All those options while increasing security, reduce convenience by potentially breaking certain things.
That’s why they’re provided as commented out by default.
You should be able to find plenty of info by googling them. If you don’t know what they are, you’re better off leaving them commented out. It’s up to you assess the risk before turning them on.
HSTS is a sledgehammer. Once turned on, it can and likely will break things and you can’t get rid of it by clearing the browser cache or using incognito.
sure, what I meant is maybe adding a couple of comments per line to broadly give further info the the passing user.
for example, I appreciate the new header to turn off Google’s FLoC, but what are the implications of such technology on a private website, e.g. with no ads?
what kind of things would it break?
I have been using SWAG, subfolders included, with HSTS enabled without any issues.

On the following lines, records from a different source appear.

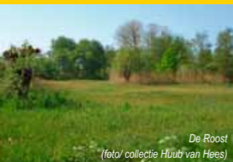
De Roost

Door veranderde inzichten werden later beheersmaatregelen getroffen om de oorspronkelijke natuur en kenmerken in het gebied te herstellen. In de huidige staat is De Roost een broekbos met veel wilgen en veenmoeras, omzoomd door verschillende natte stukjes grasland.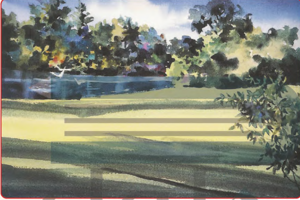
شكل (١٢): الشكل النهائي للوحة.

الخطوة الثالثة: نوزع اللون الأخضر بدرجاته الفاتحة والغامقة التي تمثل لون النباتات والأعشاب.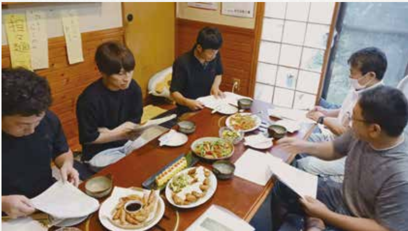
◀役員会で話し合う部員ら

青壮年部は7月12日、ことぶき食堂で役員会を開き、今後の活動について話し合いました。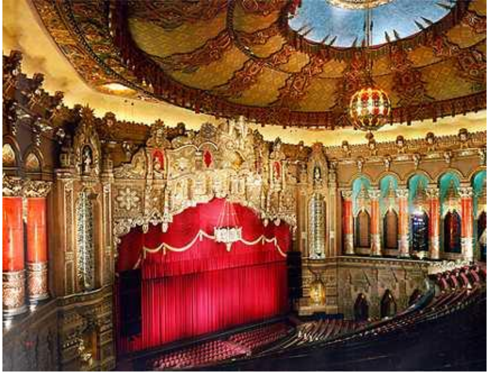
Figure 19 - Interior's view of Fox Theatre in Detroit Michigan, architect Charles Howard Crane-1928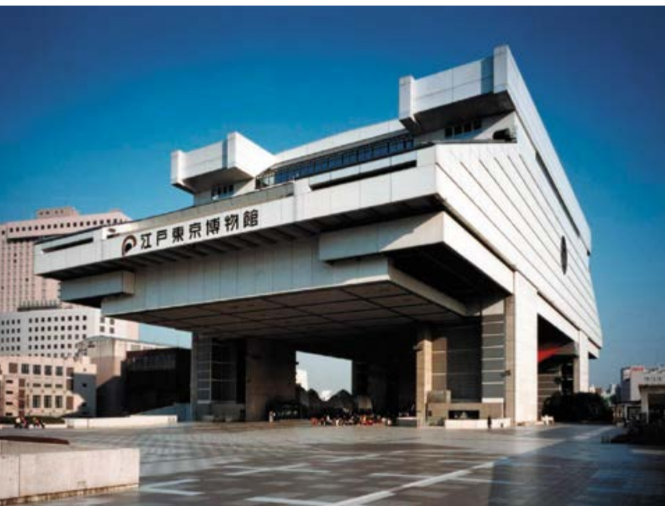
v Рис. 12а, 12в

помещения, склады для хранения вещей, а то и вовсе были заброшены. В 2007 году владельцы согласились на снос здания, но из-за финансового кризиса решение было отложено. Тогда же появилась группа активистов, стремящихся сохранить здание. Главным результатом стало привлечение иностранной помощи к сохранению башни. Немаловажную роль сыграли туристы и посетители из разных стран. Сложилась парадоксальная ситуация: постройка метаболизма стала частью достояния мировой культуры, что и подтолкнуло Японию к признанию ее исторической ценности. И только после этого началось ее непосредственное сохранение. (Рис. 13в)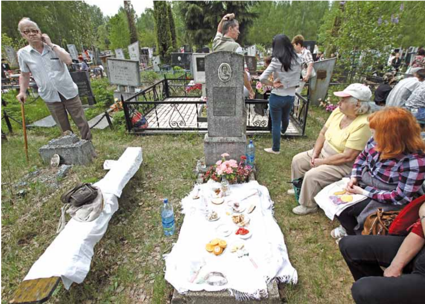
14 мая — Радаўніца. Дзень, калі беларусы ўшаноўваюць продкаў. На Радаўніцу людзі ідуць на могілкі. У многіх мясцовасцях Беларусі існуе традыцыя памянаць людзей абедам на могілках. На фота: Радаўніца ў Барысаве.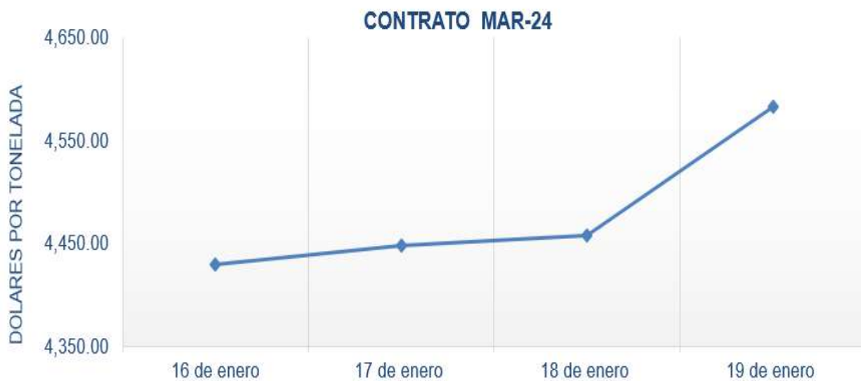
Figura 8. Comportamiento de precios a futuro de cacao según contrato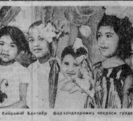
«Тинчлик, бахт, баҳор байрами! Бахтиёр фарзандларимиз чеҳраси гулдек яшнган».

Осиё, Африка ва Латин Америка мамлакатларининг IV халқаро кинофестивали ташкилий комитетининг адресига ана шу анжуманда иштирок этишни истаган мамлакатлардан мактублар келиб турибди.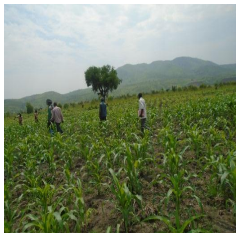
Le champ de maïs à 1 mois.

What you’re asking for would not be simple one liners due to the many possible scenarios. That’s why googling and researching them is recommended.
As a general rule, if you’re using SWAG to host a public website, like a company website and/or reverse proxy company nextcloud, etc. then turn all of those on for extra security.
But if you’re running a home lab where everything is behind something like Authelia and not publicly accessible, you don’t really need those.
With HSTS, once you turn it on, you can’t hit http sites anymore. So no more testing direct http connections like we recommend in this article, or apps that need http access like synclounge.